Open Sourcing a Predictive API

On 6–7th August, Sydney will host the 2nd international conference for Predictive APIs and Apps. PAPIs will bring together machine learning practitioners from industry, government and academia to present new developments, identify new needs and trends, and discuss the challenges of building real-world predictive applications.

I look forward to discussing the lessons learned from the development of Seldon, which was originally a closed, black-box predictive API, now transitioned to an open-source model. Here’s the abstract from my speaking proposal.

Large organisations and start-ups are increasingly investing in building in-house predictive data science and trying to figure out how machine intelligence can be deployed to solve real-world business problems. Data scientists are demanding more control and flexibility than existing predictive APIs delivered over HTTP by third parties can offer.

By closely examining my experience of being the first commercial predictive API to switch to an open-source model after operating at scale, I will explore an important paradigm shift that will affect everyone in the industry.
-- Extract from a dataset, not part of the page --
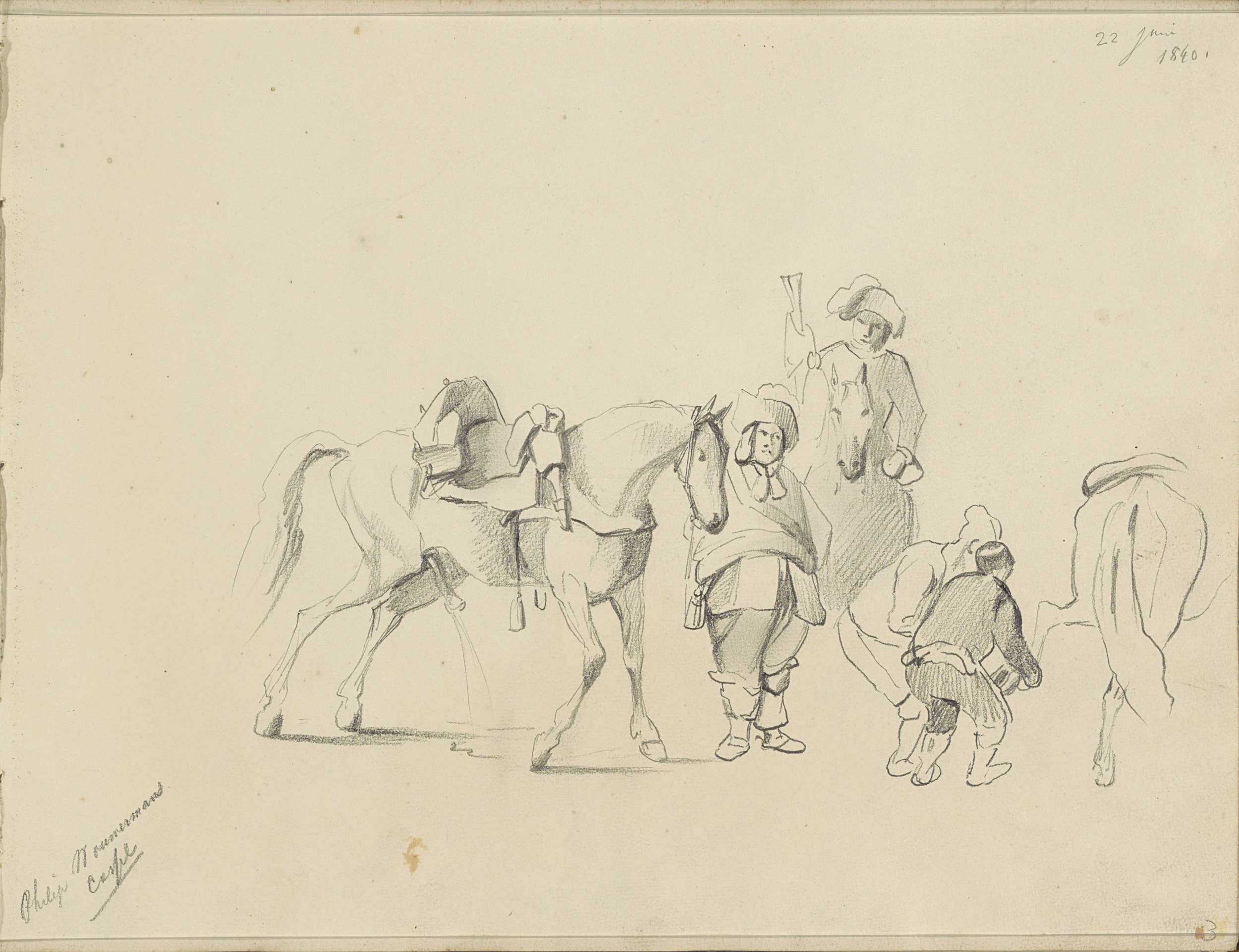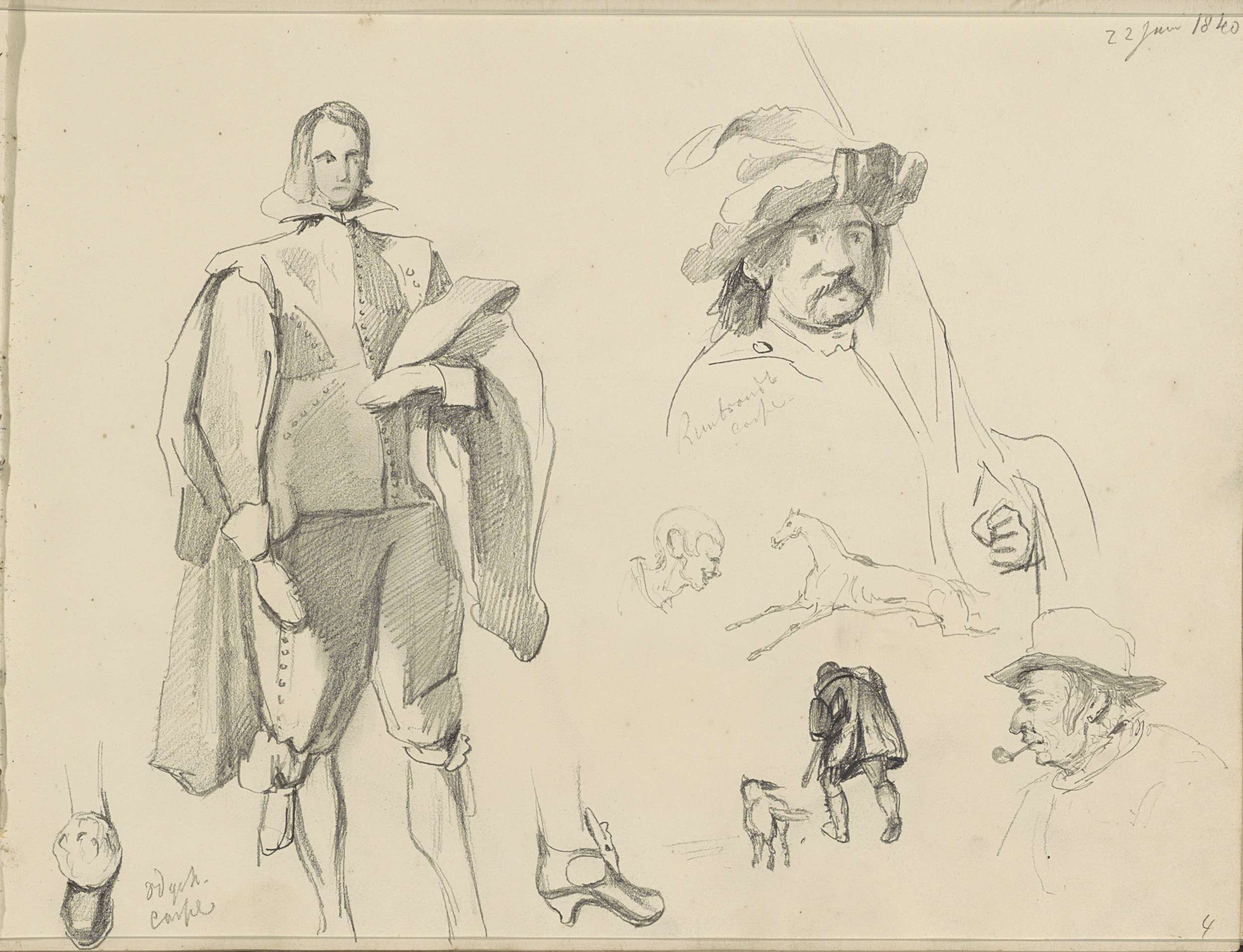Paard, figuurstudies en een zelfportret naar Rembrandt

Over the last decade, most of the industry-changing innovation has occurred lower down in the data science stack. Why has it taken so long for innovation to move higher up the stack?
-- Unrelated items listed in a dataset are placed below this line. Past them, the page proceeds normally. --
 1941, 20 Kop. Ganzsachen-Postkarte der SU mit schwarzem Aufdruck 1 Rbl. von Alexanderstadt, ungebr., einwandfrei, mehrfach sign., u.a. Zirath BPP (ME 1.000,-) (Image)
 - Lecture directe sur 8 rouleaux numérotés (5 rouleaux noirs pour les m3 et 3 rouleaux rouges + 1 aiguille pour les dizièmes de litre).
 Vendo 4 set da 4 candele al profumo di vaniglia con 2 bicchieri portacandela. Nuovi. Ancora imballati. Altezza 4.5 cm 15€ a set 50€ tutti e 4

The standard method for building predictive APIs was to connect the separate open-source components that make a modern predictive data science infrastructure, create algorithms that can build predictive models from live behavioural data, and then deliver the service to projects or consumers via an API. Communities of contributing developers helped to accelerate the innovation of new open source technologies -such as Spark- moving from early brittle releases to the prime time. Data scientists have been building “black boxes” to protect IP; however this leads to many companies working to reinvent the wheel.

We are now entering a new phase of commoditization by using open-source across the entire data science stack, all the way from hardware to OS to algorithms. This openness brings with it an exciting phase of accelerated innovation and opportunities for collaboration, even between organisations that had previously considered themselves to be competitors.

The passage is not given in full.